Previous reports have described which individual drugs, drug classes, and disease categories comprise the largest share of Medicare Part B pharmaceutical spending.^1,4-6 However, it is still unclear whether increased spending over time represents increased utilization or increased cost per claim. Clarifying the factors behind increases in Medicare Part B pharmaceutical spending is important because spending on provider-administered drugs is projected to continue growing at even faster rates as new provider-administered biologics gain approval by the US Food and Drug Administration (FDA).¹ Furthermore, for Medicare beneficiaries without any supplemental coverage, out-of-pocket spending on Part B drugs has no catastrophic threshold, adding a significant financial burden. Understanding drivers of increasing Part B spending is of major relevance for informing policymakers of the development of measures aiming to contain its growth.

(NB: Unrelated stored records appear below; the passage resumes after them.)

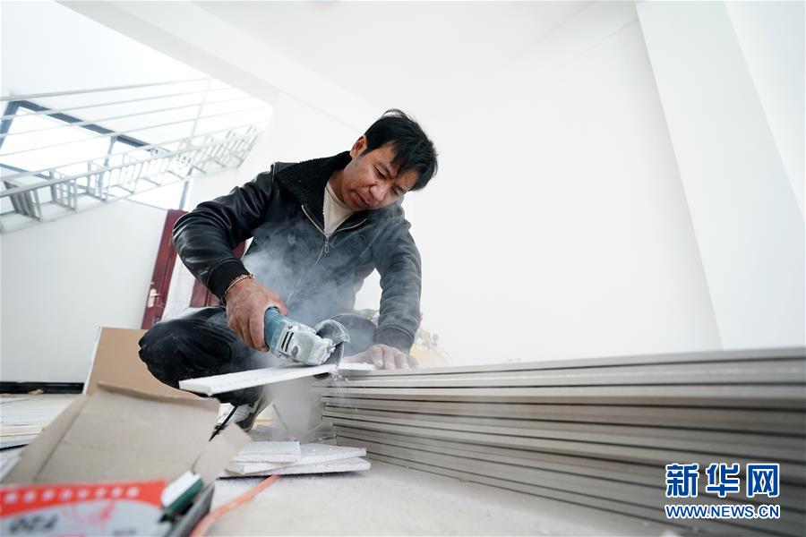 在拉薩市堆龍德慶區(qū)古榮鄉(xiāng)榮瑪高海拔生態(tài)搬遷點(diǎn)扶貧綜合門面房,尼加在為一家店鋪?zhàn)鲅b修(4月2日攝)。2018年,尼加搬遷到榮瑪高海拔生態(tài)搬遷點(diǎn)后,和朋友合伙從事裝修工作。新華社記者 詹彥 攝
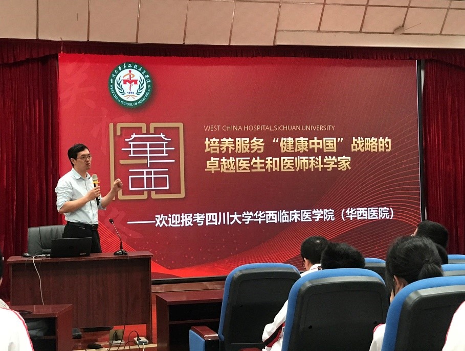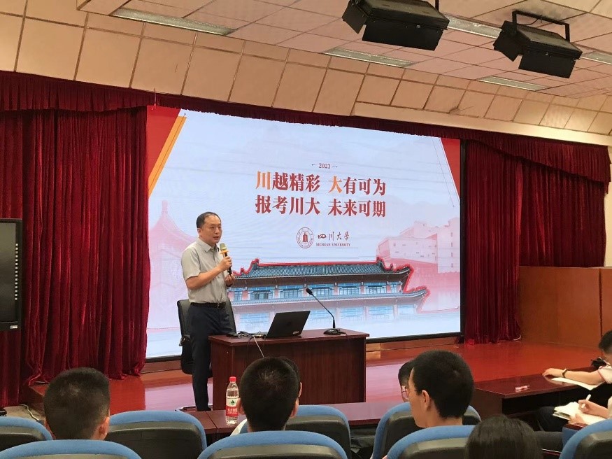 副院长雷印杰教授带队,化学学院副院长郑成斌教授、华西临床医学院王涵博士组成招生宣讲团,于2023年4月18日下午赴四川师范大学附属中学开展招生宣传工作,近200名高三年级学生参加了本次宣讲活动。
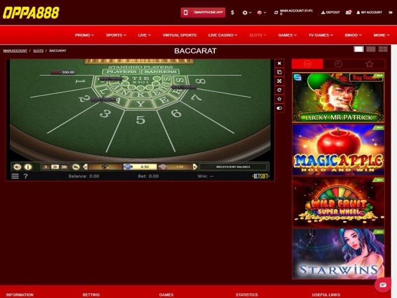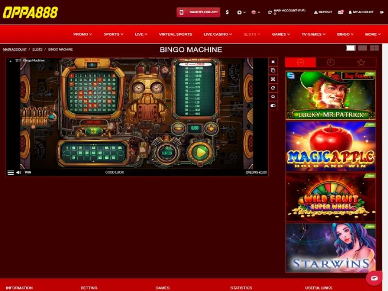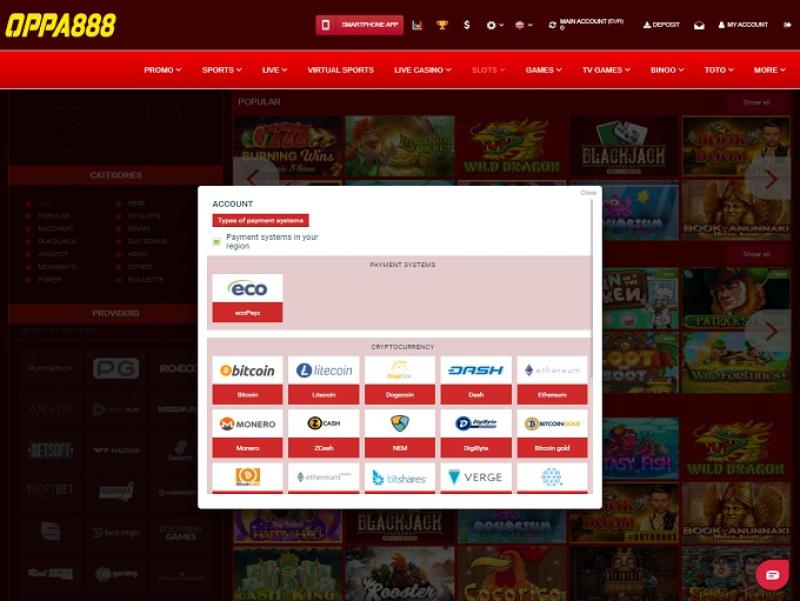Oppabet 由 BetSoft, 1x2gaming, Espresso Games, Evolution Gaming, Ezugi, Genesis Gaming, Habanero Systems, HO Gaming, iSoftBet, Oryx, playson, Rival, Saucify, Vivo Gaming, WM, Yggdrasil, Endorphina, Wazdan, Realistic Games, Arrows Edge, Gameplay Interactive, Pragmatic Play, ZEUS Services, Booongo, LuckyStreak, Spinomenal, Red Rake Gaming, Inbet Games, Xprogaming, Fugaso, Belatra Games, ReelNRG, Mobilots, Revolver Gaming, Platipus Gaming, Skywind, Spinmatic, Spadegaming, Concept Gaming, Fazi, Evoplay, SA Gaming, OneTouch, Dreamtech Gaming, Gluck Games, Bunfox Games, Mascot Gaming, TVBet, NetGame Entertainment, Slot Factory, DLV, Radi8 Games, Spearhead Studios, Swintt, ThunderSpin, Super Spade Games, TrueLab Games, Mancala Gaming, 7Mojos, SmartSoft Gaming, KA Gaming, Atmosfera, FilsGame, Holle Games, Caleta Gaming, Eurasian Gaming, Wizard Games, CT Interactive, Igrosoft, Pariplay, Tom Horn Gaming, Genii, Mr Slotty, MGA, Authentic Gaming, BF Games, betiXon, Iron Dog Studio, Reflex Gaming, Aspect Gaming, Apollo Games, Wild Streak Gaming, RubyPlay, Gamevy, High 5 Games, GMW, PlayStar, Black Pudding Games, Hacksaw Gaming, SimplePlay, Absolute Live Gaming, Lotto Instant Win, FastSpin, FlipLuck, Leap Gaming, GoldenRace, Winfinity, 3 Oaks Gaming, Funky Games, Reel Kingdom, JVL and ABXplay提供支持,賭場遊戲採用網頁即時遊戲平台,可透過您常用的網頁瀏覽器載入。遊戲選擇豐富,網站設計精美,讓您輕鬆導航至所需頁面。此外,網站也全面支援行動裝置。
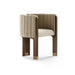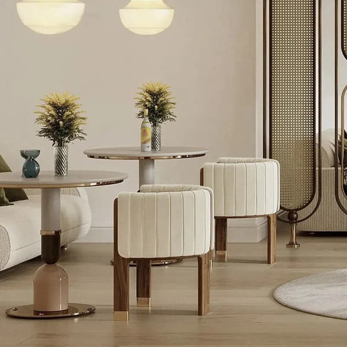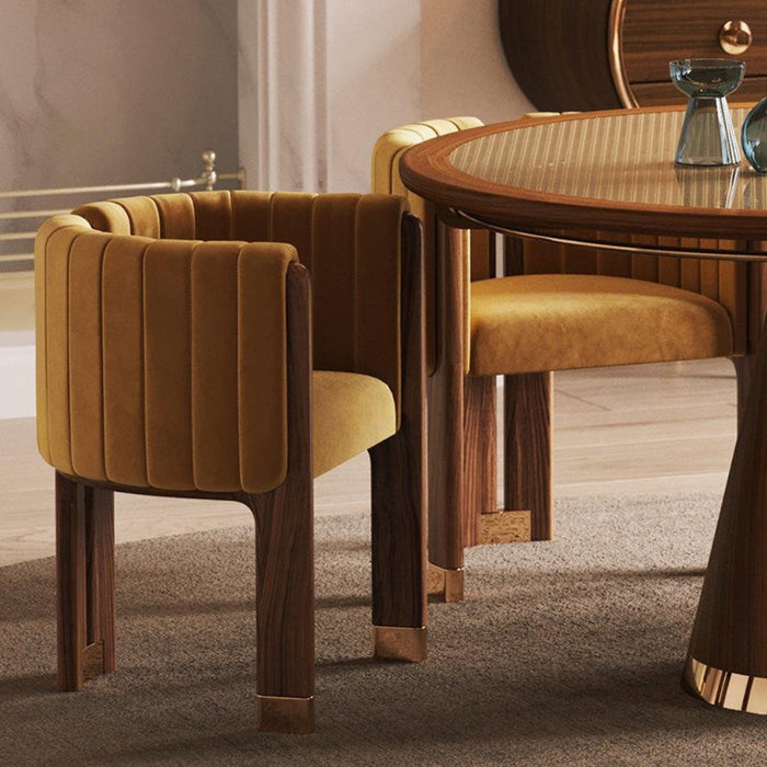 This chair boasts luxurious padding and a rounded back for a touch of modern elegance and exceptional comfort. Its sleek legs and brushed brass feet add a remarkably beautiful accent, making it an ideal complement to any dining table.
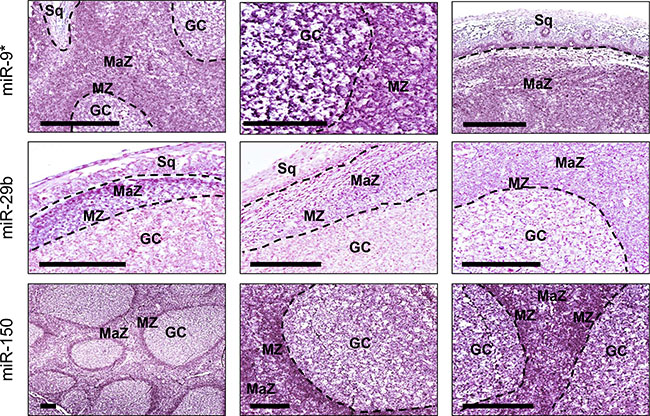 Figure 4: MiR-9*, miR-29b and miR-150 distribution in normal tonsillar tissue. The expression of the three miRNAs was detectable in pharyngeal tonsils as a grainy blue cytoplasmic staining. MiR-9* was significantly overexpressed in germinal centers (GC), mantle zone (MZ), and subepithelial marginal zone (MaZ) in comparison to squamous epithelium (Sq). At higher magnification, it is evident a stronger expression in GC cells in comparison to MZ. MiR-29b was significantly overexpressed in both MZ and MaZ in comparison to GC, whereas miR-150 was significantly downregulated in GC in comparison to MZ and MaZ. Bar scale = 200 μm.
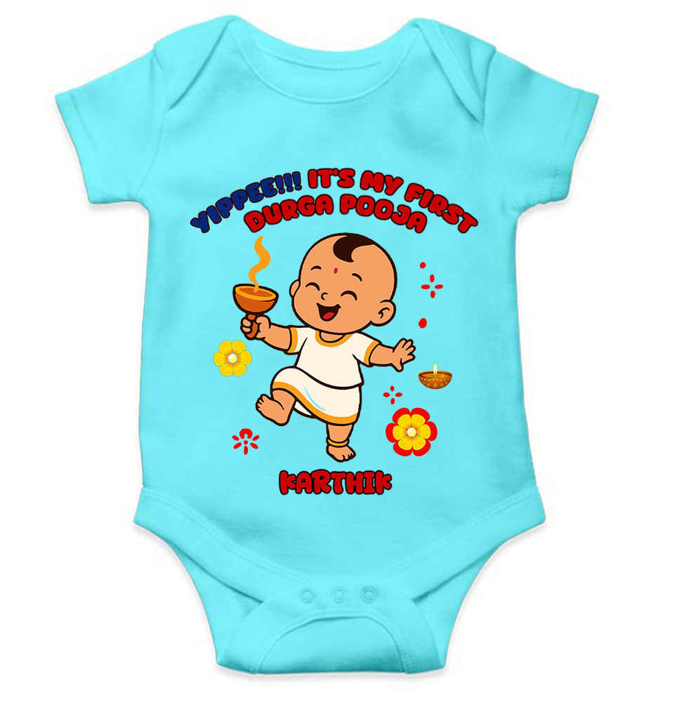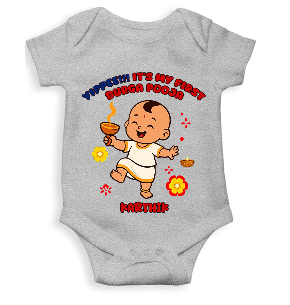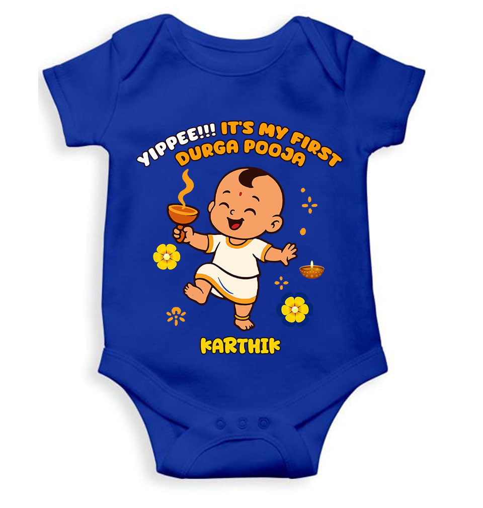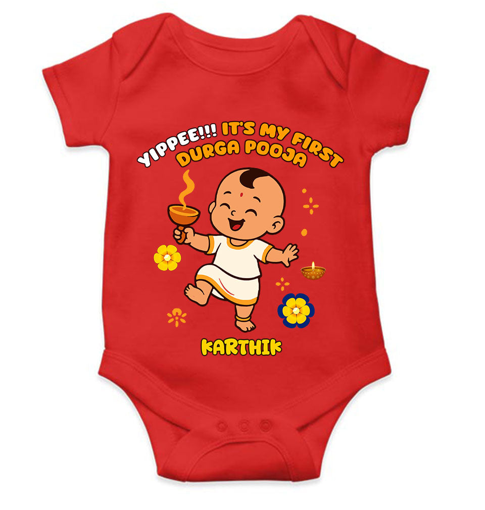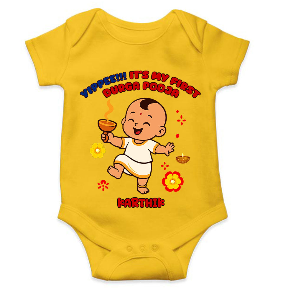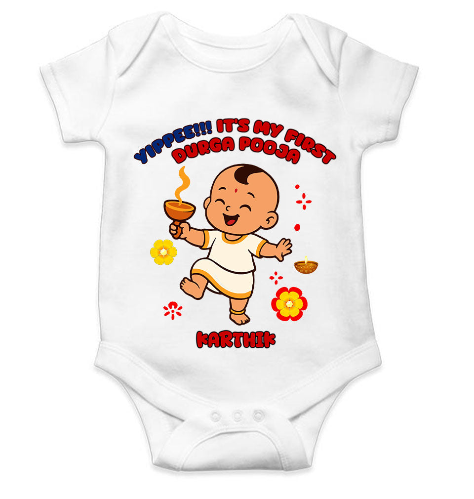Custom Name Yippee It Is My First Durga Pooja Rompers for Baby Boy- FashionRazor
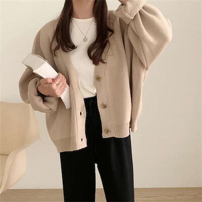 カーディガン レディース トップス ニットカーディガン ニットコート アウター マキシニット カーデ ドロップショルダー 肩を落とす ルーズ 袖口折り返す 秋冬 暖かい 長袖 シンプル 無地 シルク調

The objective of this study was to assess the relative contribution of changes in drug utilization and cost per claim to changes in Medicare Part B pharmaceutical spending in 2008-2016.

Methods

DATA SOURCES AND STUDY SAMPLE

We obtained 2008-2016 claims data from a 5% random sample of fee-for-service Medicare beneficiaries from the Centers for Medicare & Medicaid Services (CMS). Services covered under Medicare Part B are billed using Healthcare Common Procedure Coding System (HCPCS) codes. In order to differentiate Medicare Part B drug claims from the rest of claims, we obtained 2008-2016 quarterly lists of HCPCS codes for Part B-covered drugs from CMS.⁷ Each year, we extracted all Medicare claims of separately payable “J” codes (drug codes) and “Q” codes (temporary codes). This included injectable and infusion drugs, typically administered by providers; certain self-administered drugs, such as oral anticancer agents, oral antiemetics, immunosuppressive drugs, or hemophilia clotting factor; and drugs used in conjunction with durable medical equipment, such as inhalation drugs used with a nebulizer. Our initial sample included 663 HCPCS codes. We excluded all claims with denied payments. After these exclusions, our sample included 597 HCPCS codes.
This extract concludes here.